1967 yılından sonra mücadelenin ana eksenini Filistinli Örgütler oluşturmakta. Filistin örgütlerini de üç başlıkta toplamak mümkün. İlki mücadelenin öncülü, burjuva yapısı ve son zamanlarda karıştığı yolsuzluk olayları ve Hamas’la girdiği iktidar mücadelesiyle adını duyuran Fetih, ikincisi kökleri Mısırlı Müslüman Kardeşler örgütüne dayanan ve İsrail’in bir dönem Filistin mücadelesini zayıflatmak, bölmek için icraatlarına, kurumsallaşmasına göz yumduğu İslami hareketler ve sonuncu olarak da sol hareketler. Şüphesiz Filistin Halk Kurtuluş Cephesi (FHKC) gerek mücadele tarihi gerekse de mücadelesini yoksul emekçi halka dayandırmakla Filistin sol örgütleri içerisinde önemli ve ayrı bir yere sahip.
FHKC’nin Kökenleri
El Nakba’nın hemen ertesinde George Habbaş ve arkadaşları Filistinli, Suriyeli, Mısırlı ve Kuveytli öğrencilerden oluşan Kata’ib Al Arabi’yi (Arap Komando Müfrezesi) kurdu.

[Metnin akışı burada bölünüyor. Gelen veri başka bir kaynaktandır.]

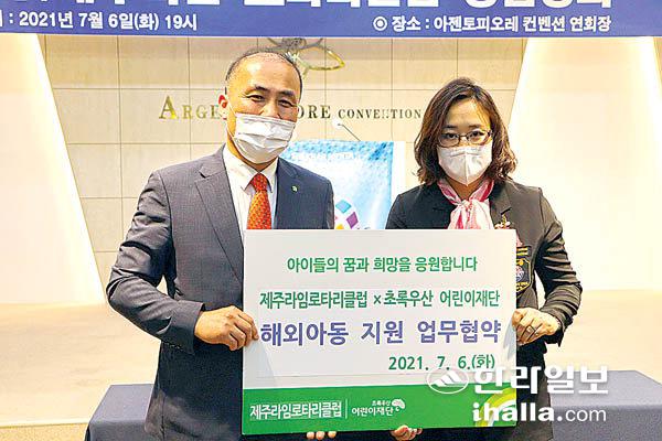제주라임로타리클럽은 창립을 준비하면서 코로나19로 신음하고 있는 세계 빈곤아동들을 위해 해외 아동을 돕기로 결정했다. 제주라임로타리클럽은 초록우산 어린이재단과 해외아동 지원 업무 협약을 체결하고, 해외아동 2명과의 결연을 시작으로 점차 확대해 나갈 예정이다.

Örgütün hedefinde İngiliz emperyalistleri, İsrailli Siyonistler ve işbirlikçiler vardı. Sonrasında bu oluşum Arap Milliyetçi Hareketi’ne evirilecektir.
1959 yılında Ahmet Cibril, Filistin Kurtuluş Cephesini (FHC) kurdu, örgüt 1961 yılında ilk silahlı eylemini gerçekleştirdi. 1962 yılında kendini Marksist Leninist olarak ilan eden Arap Milliyetçi Hareketinin, Habaş önderliğindeki Filistin kolu olan Geriye Dönüş Yiğitleri 1966 yılında gerilla savaşına karar verdi. Fakat Nasır’la görüşen ve Nasır’ın silahlı mücadelenin ertelenmesi isteğinin kabul edilmesi nedeniyle silahlı mücadele bir yıl ertelendi. Ancak 1967 savaşının Arap ülkeleri için tam bir hezimet olmasından sonra Geriye Dönüş Yiğitleri FKC ‘e ile birleşerek Filistin Halk Kurtuluş Cephesi adını aldı. FHKC, bu iki örgütün yanı sıra Filistin Özgürlük Cephesi Müfrezeleri, Filistin Özgürlüğü için Ulusal Cephe ve bir dizi örgüttün bir araya gelmesiyle kuruldu. Örgüt, ilk silahlı eylemini 6 Ekim 1967 de gerçekleştirdi. Bu birleşmeden bir yıl sonra Ahmet Cibril FHKC den ayrılarak FHKC-Genel Komutanlık’ı kurdu. Asıl önemli ayrışma Nayif Havatme önderliğindeki grubun FHKC’ nin içindeki ılımlıları ‘küçük burjuvaziyi temsil eden toy kahve entelektüelleri’ olmakla itham edip 1969 yılında Filistin Demokratik Halk Cephesi’ni (FDKC ) kurmasıyla yaşandı. FDKC yi FHKC den ayıran diğer önemli görüş farklılığı; FHKC nin küçük burjuvazinin bir kısmını devrimci bir bileşen olarak görmesi fakat buna karşın FDKC nin yoksul köylülerden ve işçilerden oluşan Asya proleteryasını mücadelenin ana eksenine oturtmasıdır.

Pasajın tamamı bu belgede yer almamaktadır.